Major ISRO achievements of 2021 and upcoming plans

Here are the major ISRO achievements of 2021 and the upcoming plans for the Indian space sector.

Major ISRO achievements of 2021 and upcoming plans
Here are the major ISRO achievements of 2021 and the upcoming plans for the Indian space sector.

By India Today Web Desk: The Covid-19 pandemic continuing through 2021 caused a setback in the plans in many industries and the same was true of the Indian Space Research Organisation (ISRO). The major ISRO achievements of 2021 can be asked in UPSC, SSC, RRB, Bank PO/Clerk or any other government and competitive examinations and is thus an important topic for candidates.


Here are the major ISRO achievements of 2021:

1. PSLV-C51/Amazonia-1

India’s Polar Satellite Launch Vehicle PSLV C51 successfully launched on February 28, 2021 with the main payload -- INPE's Amazônia-1 from Brazil -- and 18 other ride-sharing small satellites.

PSLV-C51 lifted off from the First Launch Pad of Satish Dhawan Space Centre SHAR, Sriharikota, at 10:24 am. Amazonia-1 was injected into its intended orbit after a flight of about 17 minutes 23 seconds.

In the succeeding 1 hour 38 minutes, all the 18 co-passenger satellites were also successfully separated in sequence.

Amazonia-1, the optical earth observation satellite of National Institute for Space Research (INPE), would provide remote sensing data to users for monitoring deforestation in the Amazon region and analysis of diversified agriculture across the Brazilian territory.

The PSLV-C51/Amazonia-1 was the first dedicated commercial mission of NewSpace India Limited (NSIL), a Government of India company under Department of Space.

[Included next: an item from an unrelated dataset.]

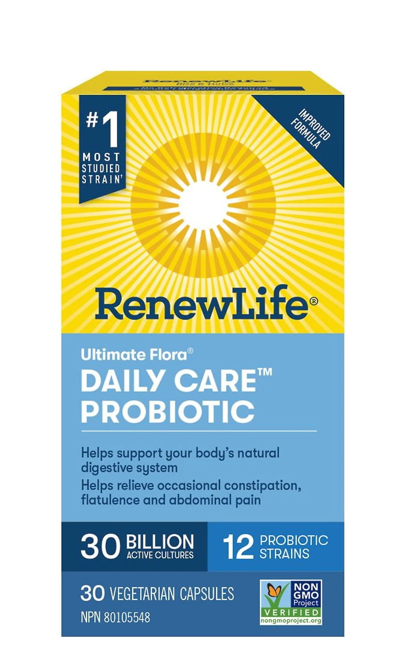 Feel your best every day with 30 billion live cultures from 12 probiotic strains that help promote digestive health—all in just one Renew Life® Ultimate Flora® Daily Care™ Probiotic vegetarian capsule.
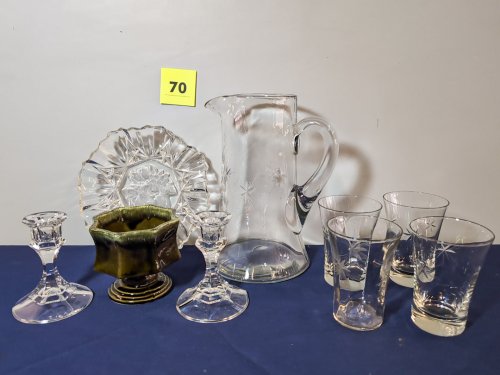 70. Pitcher, (4) Glasses, (2) Candlesticks, & (2) Candy Dishes

With this launch, the total number of customer satellites from foreign countries placed in orbit by PSLV is 342 satellites from 34 countries.

2. Indian student satellites UNITYsat and Satish Dhawan SAT (SDSAT)

The PSLV-C51 launch vehicle successfully launched Indian student satellites UNITYsat and Satish Dhawan SAT (SDSAT) on February 28, 2021.

UNITYsat was developed by Jeppiaar Institute of Technology, Sriperumbudur (JITsat), GH Raisoni College of Engineering, Nagpur (GHRCEsat) and Sri Shakti Institute of Engineering and Technology, Coimbatore (Sri Shakthi Sat).

Satish Dhawan SAT (SDSAT) was built by Space Kidz India.

3. GSLV-F10/Gisat-1 (renamed to EOS-3): Failed mission

The GSLV-F10 launch took place on August 12, 2021, intending to put the geoimaging satellite GISAT-1 (renamed to earth observation satellite EOS-3) into orbit.

This was supposed to be India’s first state-of-art, earth observation satellite which would have been placed in a geo-synchronous orbit around the earth.

EOS-3 was supposed to provide real-time imaging of large areas of the earth, monitor natural disasters and provide warnings for the same, and observe cyclones, cloudbursts, thunderclouds, etc.

However, even though the first and second stages were normal, a technical anomaly prevented the Cryogenic Upper Stage ignition and the mission couldn't be accomplished as intended.

Upcoming plans for ISRO


1. Now that 2021 is coming to an end, the next ISRO achievements and targets in the line are Chandrayaan 3, the successor to the Chandrayaan 2 mission, which will attempt a soft landing on the moon, most likely in the third quarter of 2022. A lunar lander and a rover will go on the mission. The total cost of the mission will be over Rs 600 crores.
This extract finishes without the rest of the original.